Richard Mathias Griffiths (born 21 June 1935) is a Welsh historian and literary scholar, specialising in the history of the European extreme Right and the history of Catholic literature, and an Anglican priest in the Church of Wales. He is Emeritus Professor of French Literature at King's College London and a former professor of the University College, Cardiff.

== Biography ==
He was born in Barry, Glamorgan, as a great-grandson of William Henry Mathias (1845–1922), a railway contractor and coal mine owner in Rhondda. He was educated at Lickey Hills Preparatory School at Hillscourt House in Lickey (1944–48) and at Lancing College in West Sussex (1948–53). He took his BA in Modern Languages at King's College, Cambridge and completed his PhD in French on "The dramatic technique of Antoine de Montchrestien" at the University of Cambridge in 1961.

He began his academic career as a fellow of Selwyn College, Cambridge (1960–66) and then of Brasenose College, Oxford (1966–74), holding a Common University Fund lectureship at the University of Oxford from 1967 to 1974. He was a councillor and vice-chairman on the Oxford City Council (1968–1972), serving on its central area redevelopment committee.

He was the Chair of French at University College, Cardiff from 1974 to 1987. At Cardiff, he headed the Department of French (1974–87) and acted as the Deputy Principal for Humanities and Social Sciences (1982–85).
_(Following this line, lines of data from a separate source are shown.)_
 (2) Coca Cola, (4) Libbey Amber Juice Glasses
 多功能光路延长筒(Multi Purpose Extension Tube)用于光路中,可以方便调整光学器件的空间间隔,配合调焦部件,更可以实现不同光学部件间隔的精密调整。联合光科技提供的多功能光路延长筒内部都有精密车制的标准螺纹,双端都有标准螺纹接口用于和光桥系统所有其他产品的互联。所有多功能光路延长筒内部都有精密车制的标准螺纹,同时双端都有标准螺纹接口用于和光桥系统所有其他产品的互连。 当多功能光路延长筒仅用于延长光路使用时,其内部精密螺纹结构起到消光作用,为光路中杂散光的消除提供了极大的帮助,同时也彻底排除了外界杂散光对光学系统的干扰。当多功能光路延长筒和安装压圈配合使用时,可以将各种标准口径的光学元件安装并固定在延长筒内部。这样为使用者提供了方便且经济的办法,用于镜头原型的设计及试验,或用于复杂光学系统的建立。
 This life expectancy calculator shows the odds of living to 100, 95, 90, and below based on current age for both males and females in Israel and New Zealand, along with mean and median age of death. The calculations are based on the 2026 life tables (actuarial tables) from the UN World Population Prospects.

He sat on the Arts Council of Wales (1980–1988) and was president of the Society for French Studies from 1984 to 1986.

He served on the General Advisory Council of the BBC (which advised the Board of Governors of the BBC) between 1986 and 1990.

He then moved to King's College London, where he was Professor of French from 1990 to 2000, Head of the Department of French (1990–98) and Director of the Research Centre for Twentieth-Century Cultural Studies (1992–2000). He was elected vice-president of the Institute of Linguists (1990–1995). From 1992 to 1994, he also held the positions of a vice-principal of King's College London (during the tenure of Arthur Lucas), and of a director of KCL Enterprises Limited. He also chaired a committee of the Higher Education Funding Council for Wales (1992–1997) and the board of trustees of the Cambridge House charity (1994–1996).
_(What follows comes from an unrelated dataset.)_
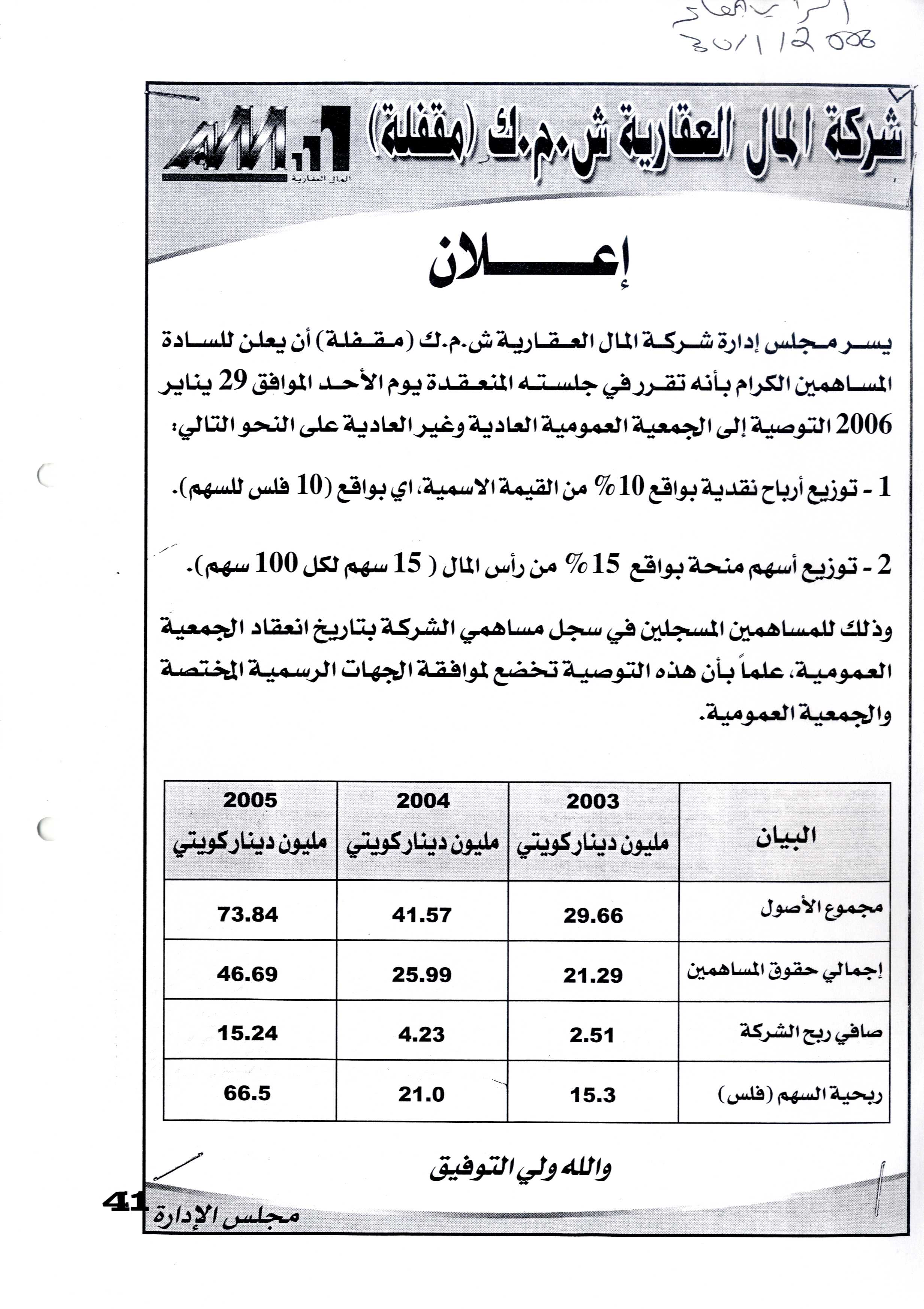 إعلان بأنه تقرر في الجلسة المنعقدة يوم الأربعاء الموافق 17 يناير 2007 التوصية إلى الجمعية العمومية العادية وغير العادية بـ : توزيع أرباح نقدية بواقع 15% ، توزيع أسهم منحة بواقع 10% من رأس المال

Towards the end of his academic career he was ordained as a priest of the Anglican Church in Oxford and in 1997 became a non-stipendiary minister in the Diocese of Oxford, serving as a curate in the parishes of West Woodhay with Enborne, Hamstead Marshall, Inkpen and Combe. He moved to the Diocese of Llandaff in 2000, exercising pastoral duties first in the parish of Llantrisant, Miskin and Beddau until 2004 and then in Penarth and Llandough until 2010. He was a director of the Penarth Arts and Crafts Limited from 2003 to 2010. In 2007, he became the chairman of the Penarth Cytûn. He received a permission to officiate within the same diocese in 2010.
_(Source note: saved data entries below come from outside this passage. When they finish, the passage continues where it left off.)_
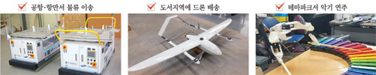 특화로봇 육성사업에 선정된 3개 컨소시엄 중 첫 번째 과제를 수행하는 ㈜지에스이는 인하대로부터 물류기술을 지원받아 ‘하이브리드 유도기반 무인이송로봇(AGV·위 왼쪽 사진)’을 개발한다. 좁은 이동 통로와 고밀도 작업환경에서도 자율운행이 가능한 지능형 물류로봇이다. 시제품이 완성되면 수요처로 컨소시엄에 참여한 ㈜이노디스의 생산설비와 자재창고 등에 투입될 예정이다. 이노디스는 반도체와 디스플레이에 들어가는 부품을 공급하는 인천의 유망 중소기업으로 로봇을 통한 공장 자동화를 추진 중이다. AGV는 이후 범위를 확대해 공항과 항만, 유통매장 등에도 보급형으로 제작돼 공급될 예정이다.
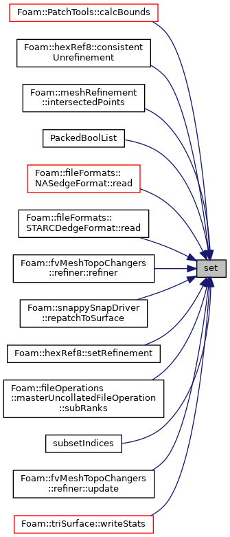 Referenced by PatchTools::calcBounds(), hexRef8::consistentUnrefinement(), meshRefinement::intersectedPoints(), PackedBoolList::PackedBoolList(), NASedgeFormat::read(), STARCDedgeFormat::read(), refiner::refiner(), snappySnapDriver::repatchToSurface(), hexRef8::setRefinement(), masterUncollatedFileOperation::subRanks(), PackedBoolList::subsetIndices(), refiner::update(), and triSurface::writeStats().
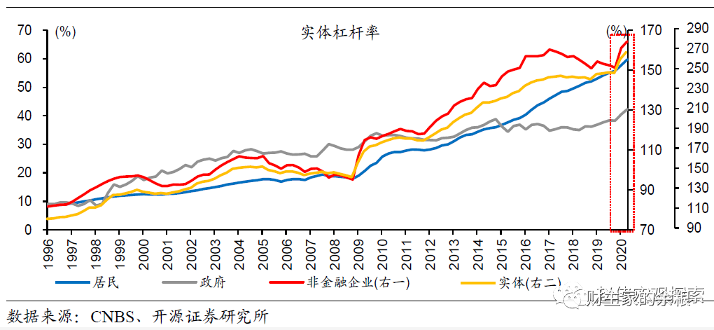 另一方面,说一千道一万,信用货币时代的钱,最开始都是通过“借债”借出来的,所以发钱的新时代,同时也必定是债务的新时代。 相比往年,过去半年中,正是因为“各路诸侯们”都拿到了更多的新钱,所以导致了中国经济的整体债务比率大幅度抬升,而拿钱最多的部门,也是债务杠杆增加最快的部门。

As of July 2025, he was a member of the editorial board of the University of Wales Press, and, since 1985, has been a member of Literature Wales.

== Work ==
He has written studies on the history of the far right and antisemitism in Britain and France, on the Catholic literary revival, French Renaissance literature, and Welsh business history. He has been concerned with what a reviewer of his book has called "the general tendency of European Catholicism to favour political movements which later became identified with fascism". His first book had gained him the reputation of "the man who had read more appalling French novels than anyone known" among his French students. In the preface to that book, he described himself as "not a Roman Catholic, though … extremely sympathetic to that religion".

== Publications ==
=== Authored ===
- The Reactionary Revolution: The Catholic Revival in French Literature, 1870–1914 (London: Constable, 1966)
  - updated French edition: Révolution à rebours : le renouveau catholique dans la littérature française (1870-1914) (Paris: Classiques Garnier, 2020) [1st edn. 1971]
- The Dramatic Technique of Antoine de Montchrestien: Rhetoric and Style in French Renaissance Tragedy (Oxford: Clarendon Press, 1970)
- Marshal Pétain (London, Constable, 1970; reprinted 1994)
- Fellow Travellers of the Right: British Enthusiasts for Nazi Germany 1933–9 (London: Constable, 1980; reprinted by Oxford University Press, 1983)
- Garnier: Les juifves (London: Grant & Cutler, 1986) [a critical guide to Robert Garnier's play]
- The Use of Abuse: The Polemics of the Dreyfus Affair and its Aftermath (New York: Berg, 1991)
- Le singe de Dieu : François Mauriac entre le "roman catholique" et la littérature contemporaine, 1913-1930 (Le Bouscat: L'Esprit du temps, 1996)
- Patriotism Perverted: Captain Ramsay, the Right Club and British Anti-Semitism, 1939–40 (London: Constable, 1998)
- An Intelligent Person's Guide to Fascism (London: Duckworth, 2000; reprinted as Fascism, London: Continuum, 2005)
- Poetry and Prayer (London: Continuum, 2005)
- The Pen and the Cross: Catholicism and English Literature, 1850–2000 (London: Continuum, 2010)
- The Entrepreneurial Society of the Rhondda Valleys, 1840–1920: Power and Influence in the Porth-Pontypridd Region (Cardiff: University of Wales Press, 2010)
- What Did You Do During the War? The Last Throes of the British Pro-Nazi Right, 1940–45 (London: Routledge, 2015)
- Essais sur la littérature catholique (1870-1940): Pèlerins de l'absolu (Paris: Classiques Garnier, 2018)
- France's Purveyors of Hatred: Aspects of the French Extreme Right and its Influence, 1918–1945 (London: Routledge, 2021)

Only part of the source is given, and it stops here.